Em linhas gerais, o governo reconhece que a economia está em declínio e opta por diminuir o investimento público. Ao mesmo tempo, reduz impostos de grandes corporações – e, consequentemente, a arrecadação – para tentar reanimar a iniciativa privada, que deixou de investir porque os níveis de consumo não são mais os mesmos.
Para Himanshu, doutor em Economia e professor da JNU, esse caminho já nasce derrotado: “O investimento público passa a ser direcionado a grandes empresários, na esperança de que vão gerar emprego. Mas, na melhor das hipóteses, o que vão fazer é sentar em cima do dinheiro ou investir no mercado especulativo”.
Os setores mais impactados pela desaceleração da economia são o imobiliário e o automotivo, o que revela que a classe média e os grandes empresários também estão receosos em investir. Ao mesmo tempo, o número de bilionários da Índia saltou de dois para cem desde 1990.
Do ponto de vista político, a polarização criada entre apoiadores do governo Modi e a comunidade muçulmana parece desagradar o mercado fora da Índia. Em janeiro, a capa da revista The Economist, que costuma representar o ponto de vista de investidores internacionais, criticou as medidas repressivas do primeiro-ministro por meio de mudanças na Lei de Cidadania em dezembro de 2019.
Sem perspectivas
Em março, um grupo de 108 economistas divulgou uma carta acusando o governo Modi de interferência política nas estatísticas de PIB e desemprego. A proporção de desempregados na Índia é de pouco mais de 6%, a maior em 45 anos.
“Não podemos focar só nos números, porque o governo não fornece uma base de dados de qualidade em que possamos nos debruçar e fazer uma análise”, analisou o economista Praveen Jah, lembrando que o problema da educação, por exemplo, não se resume a finanças.
O orçamento em educação cairá 8%, o que deve acentuar o processo de sucateamento das instituições públicas. Hoje, 77,8% das instituições de ensino superior são privadas e estima-se que 40% dos jovens estão desempregados e fora da sala de aula.
Segundo Dipa Sinha, economista e professora da Ambedkar University Delhi, o governo tem demorado em repassar verba para os estados, propiciando uma situação cômoda para as autoridades locais: “Isso legitima o não investimento e a corrupção, além de propiciar um contexto de privatizações, já que o Estado não consegue prover os serviços”.
A economista cita como exemplo a privatização de hospitais distritais que passaram a ser geridos por faculdades privadas de Medicina. Muitos continuam gratuitos para a população pobre, mas passam a cobrar mais caro das demais faixas de renda. “Em vez de aumentar o acesso, acaba diminuindo. E o objetivo é beneficiar essas faculdades”, explica.

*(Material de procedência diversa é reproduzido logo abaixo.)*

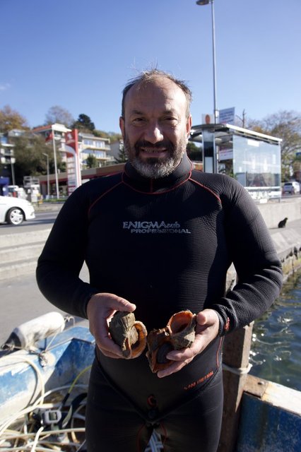 İstanbul Boğazı'nda 27 yıldır deniz salyangozu avlayan dalgıç Yücel Akpınar, deniz suyunun soğumasıyla sezonun son avlarını gerçekleştiriyor

A queda no poder aquisitivo dos idosos, elemento relevante para o declínio do consumo interno, está ligada à gestão da previdência social nos últimos dois governos. Desde 2007, o valor pago pelo Estado aos aposentados não mudou: cerca de 200 rúpias por mês, o equivalente a R$ 12,50 na cotação atual. O agravante é que a maioria dos trabalhadores atua na informalidade, não contribui e, por isso, não deve se aposentar: “Com esse valor de 200 rúpias, contribuir com a previdência pública perde o sentido. O objetivo é que as pessoas busquem previdência privada. Isso também é privatizar”, finaliza a pesquisadora.